Guoxia Ren1,2,*, Xu Liu3,*, Zhendong Yu4, Jingjie Li5, Fanglin Niu5, Tianbo Jin5, Jikui Liu3 and Mingwei Chen1

1Department of Respiratory and Critical Care Medicine, The First Affiliated Hospital of School of Medicine of Xi’an Jiaotong University, Xi’an 710061, China

2Department of Intergrated Traditional Chinese and Western Medicine, Xi’an Chest Hospital, Xi’an 710100, China

3Hepato-Pancreato-Biliary Surgery, Peking University Shenzhen Hospital, Guangdong, Shenzhen 518036, China

4Central Laboratory, Peking University Shenzhen Hospital, Guangdong, Shenzhen 518036, China

5Key Laboratory of Resource Biology and Biotechnology in Western China (Northwest University), Ministry of Education, School of Life Sciences, Northwest University, Xi’an, Shaanxi 710069, China

*These authors contributed equally to this work and Joint first author

Correspondence to:

Jikui Liu, email: [email protected]

Mingwei Chen, email: [email protected]

Keywords: chronic hepatitis B; TERT; single nucleotide polymorphisms (SNPs); case-control; Chinese Han

Received: September 05, 2017     Accepted: December 26, 2017     Published: January 03, 2018

ABSTRACT

In this study, we investigated the association between the polymorphisms of telomerase reverse transcriptase (TERT) gene and the risk of chronic hepatitis B (CHB) in a Chinese Han population. Four single nucleotide polymorphisms (SNPs) in TERT (rs10069690, rs2242652, rs2853677 and rs2853676) were genotyped from 224 CHB patients and 300 healthy controls using the Sequenom Mass-ARRAY platform. We used genetic model, haplotype analyses, chi-square test, logistic regression analysis to evaluate the association between SNPs and CHB risk. The relative risk was estimated by odd ratios (ORs) and 95% confidence intervals (CIs). We found that rs10069690 was significantly associated with an increased CHB risk in the dominant model (adjusted OR = 1.70, 95% CI: 1.06–2.71, P = 0.031) and additive model (adjusted OR = 1.62, 95% CI: 1.09–2.41, P = 0.018). The haplotype “TA” (rs10069690 and rs2242652) was found to be associated with an increased risk of CHB (adjusted OR = 1.58, 95% CI: 1.05–2.38, P = 0.027). Our results suggested potential genetic contributes for TERT in CHB development in a Chinese Han population. Future functional and association studies with larger sample sizes are required to confirm these findings.


INTRODUCTION

Hepatitis B virus (HBV) infection is a serious public health problem worldwide, with approximately 2 billion people having a history of HBV infection and 350 million of them suffering from chronic HBV infection [1]. Based on a national epidemiological survey, it has been estimated that the weighted prevalence of hepatitis B surface antigen (HBsAg) was roughly 7.18% in Chinese population [2]. Although the host factors (such as infection age, gender and immune status), viral and environmental factors are thought to be involved in affecting the development of CHB. The mechanisms underlying the different clinical outcomes of HBV infection have not been fully understood.
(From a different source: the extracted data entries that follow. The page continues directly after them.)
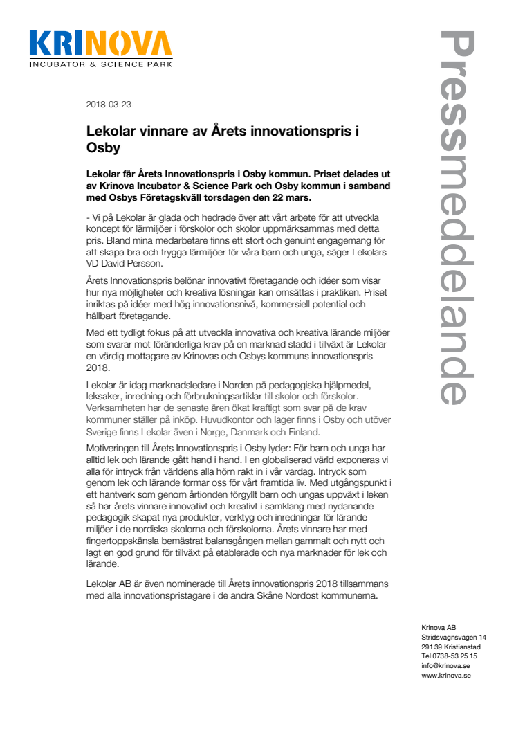 Lekolar får Årets Innovationspris i Osby kommun. Priset delades ut av Krinova Incubator & Science Park och Osby kommun i samband med Osbys Företagskväll torsdagen den 22 mars.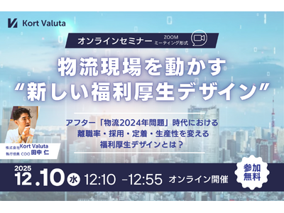 株式会社Kort Valuta(本社:東京都渋谷区、代表取締役:柴田秀樹、以下「当社」)は、物流・運送業界で大きな影響が出ている「物流2024年問題」を背景に、現場の課題と改善のヒントをテーマとしたオンラインセミナーを2025年12月10日(水)に開催いたします。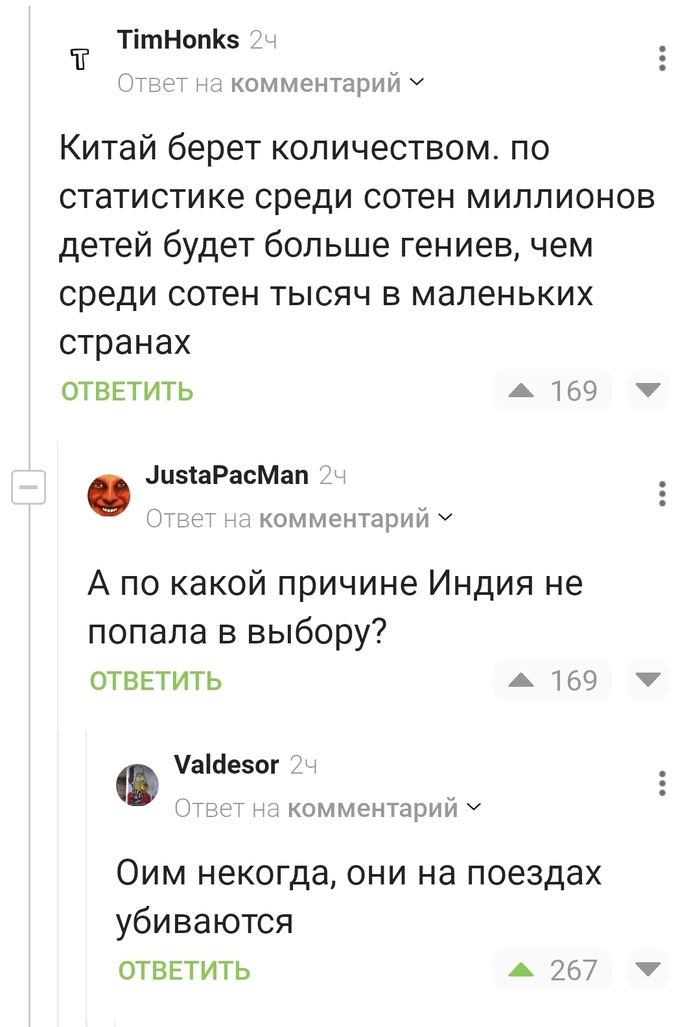 1072 VirusTyumen Скриншоты комментов Юмор Некогда 5 дней назад #comment_382611336 Показать полностью 1 Скриншот Комментарии на Пикабу Китай Индия Поезд Черный юмор 173 14 6 3 3 1 Ещё 1
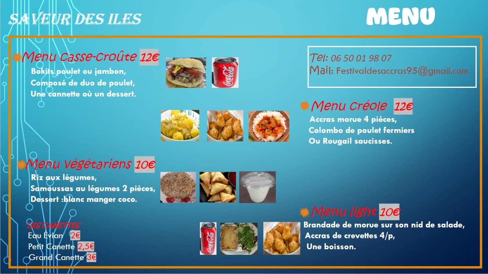 Food truck antillais à Margency Un nouveau food truck s'installe à Margency ! Dès le vendredi 05 avril à partir de 18h et tous les vendredis qui suivent, vous trouverez devant la mairie de quoi enchanter vos papilles avec des spécialités antillaises ! Accras, rougail saucisses, brandade de morue, colombo de poulet ou encore samoussas... Venez découvrir les nombreuses saveurs des îles que propose "Festival des Accras" ! |
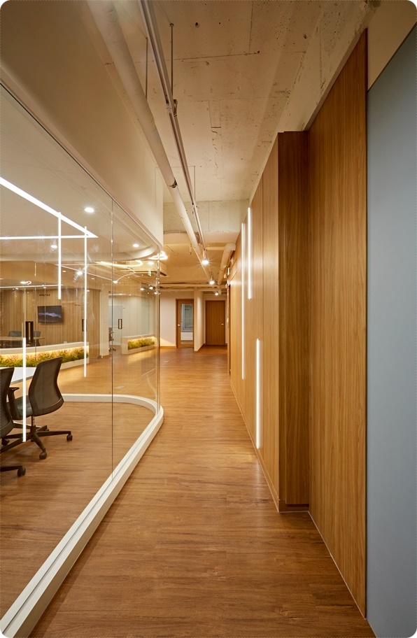 외부 파사드입니다. 엘리베이터 앞 공용공간의 벽면을 디자인해 내부 인테리어와 연계하면서 그 곳에서부터 회사가 시작된다는 인식을 주었습니다. 우드 필름지로 시공한 알판을 이중으로 시공하고 후면에 따뜻한 색감의 간접조명을 더해 은은한 분위기를 만들었습니다. 우드톤 알판에는 스펠링 사인물을 제작해 업체명과 로고로 시공해 포인트를 주면서 가독성을 높였는데요, 이를 통해 홍보 및 마케팅의 효과도 높일 수 있답니다.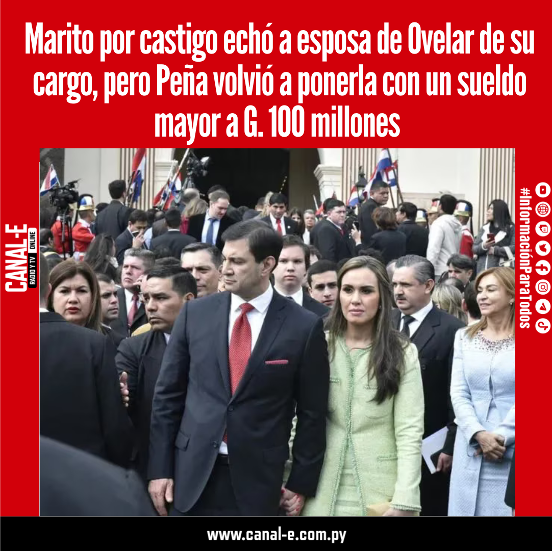 La esposa del presidente del Congreso Nacional, Silvio Beto Ovelar, Iris Magnolia Mendoza, fue reacomodada nuevamente por Santiago Peña en Itaipú, con un salario mayor a los G. 100 millones.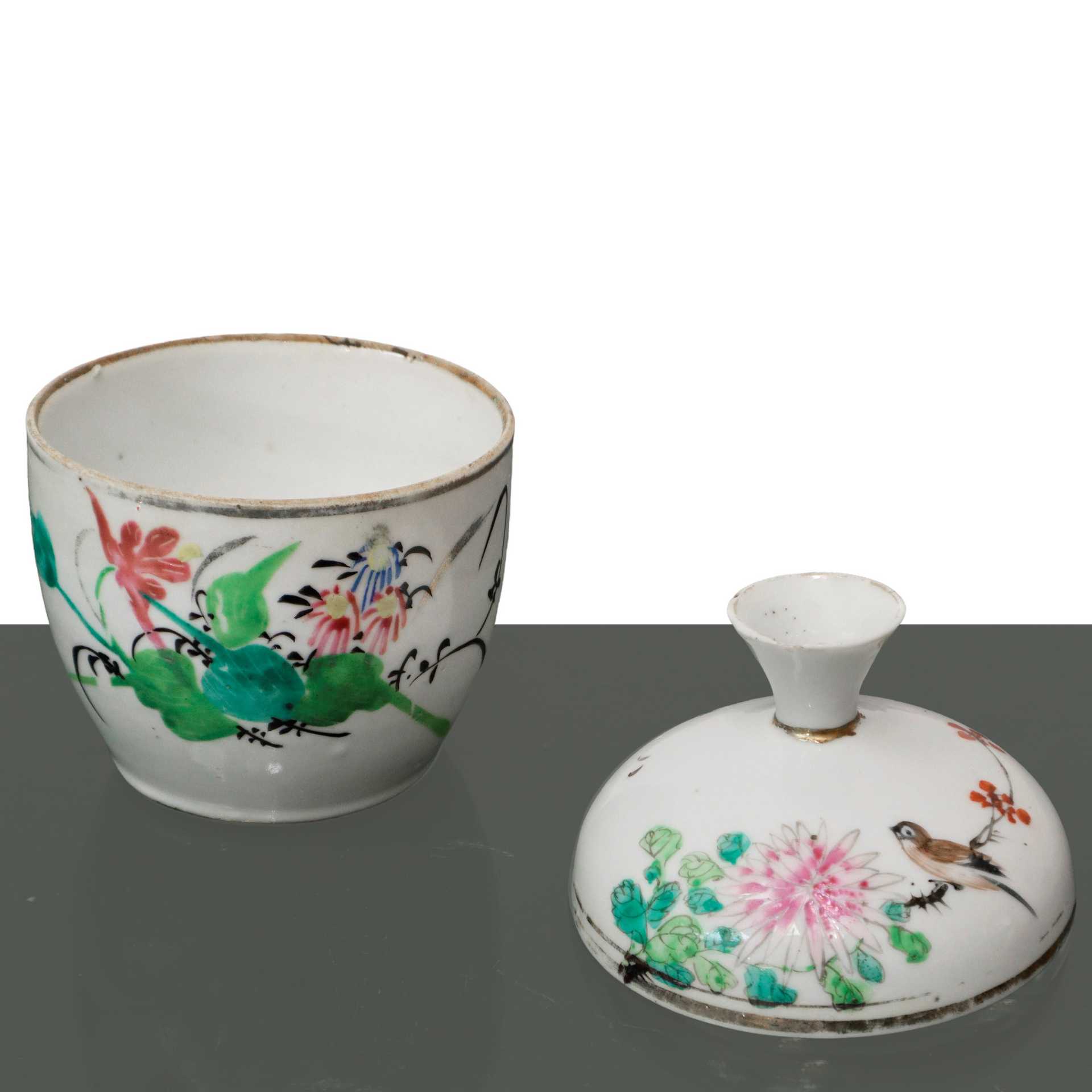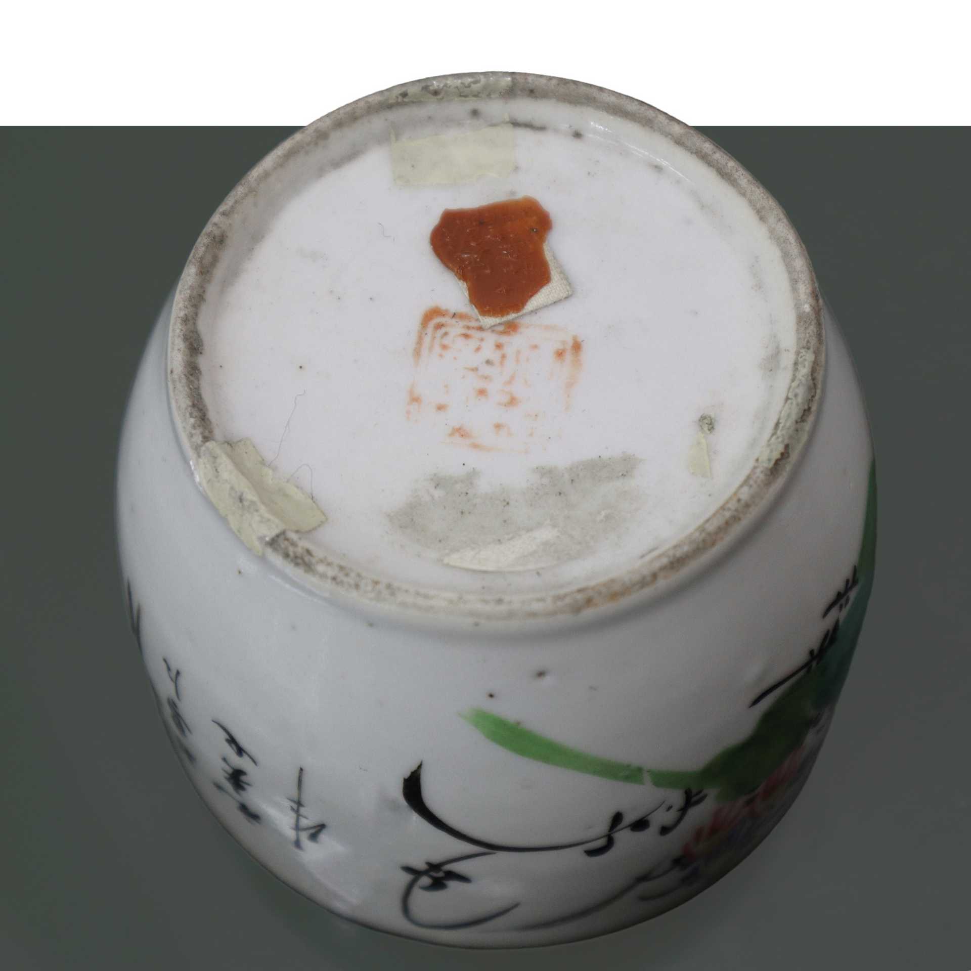 Vaso cinese in porcellana bianca a forma tonda con decori floreali , h cm 13.5x9 Vaso cinese a forma tonda in ceramica bianca con decorazioni floreali policrome, uccellino e iscrizioni con caratteri cinesi. Coperchio con pomello a imbuto e dettagli dorati. Timbro con caratteri cinesi e timbro di cera lacca alla base.

Studies indicated that host genetic factors play a critical role in the development of HBV infection, especially single nucleotide polymorphisms (SNPs), is regarded to be one of the determinants for this clinical heterogeneity [3, 4]. Some polymorphisms have been reported to be involved in susceptibility to CHB in disease severity and progression, or disease prognosis [4, 5].

Telomeres, located at the ends of eukaryotic chromosomes, play a crucial role in maintaining the integrity of chromosome and stability of the genome [6, 7]. Telomeres are approximately 10–15 kb in human somatic cells, and they shorten by 50–200 bp after each cycle of mitotic division [8]. In general, the incomplete replication of linear DNA molecules and gradual shortening of telomere length lead to regulated cell senescence and apoptosis or cell death. It has been reported that telomere length is associated with chronic liver diseases [9], CHB and hepatocellular carcinoma [10]. Interestingly, previous studies demonstrated that a number of polymorphisms in telomere biology gene (telomerase reverse transcriptase, TERT) are significantly associated with telomere length [1113]. In addition, a recent report indicated the genotype TT of TERT polymorphism rs2736098 is associated with a decreased risk of CHB in Chinese males [14].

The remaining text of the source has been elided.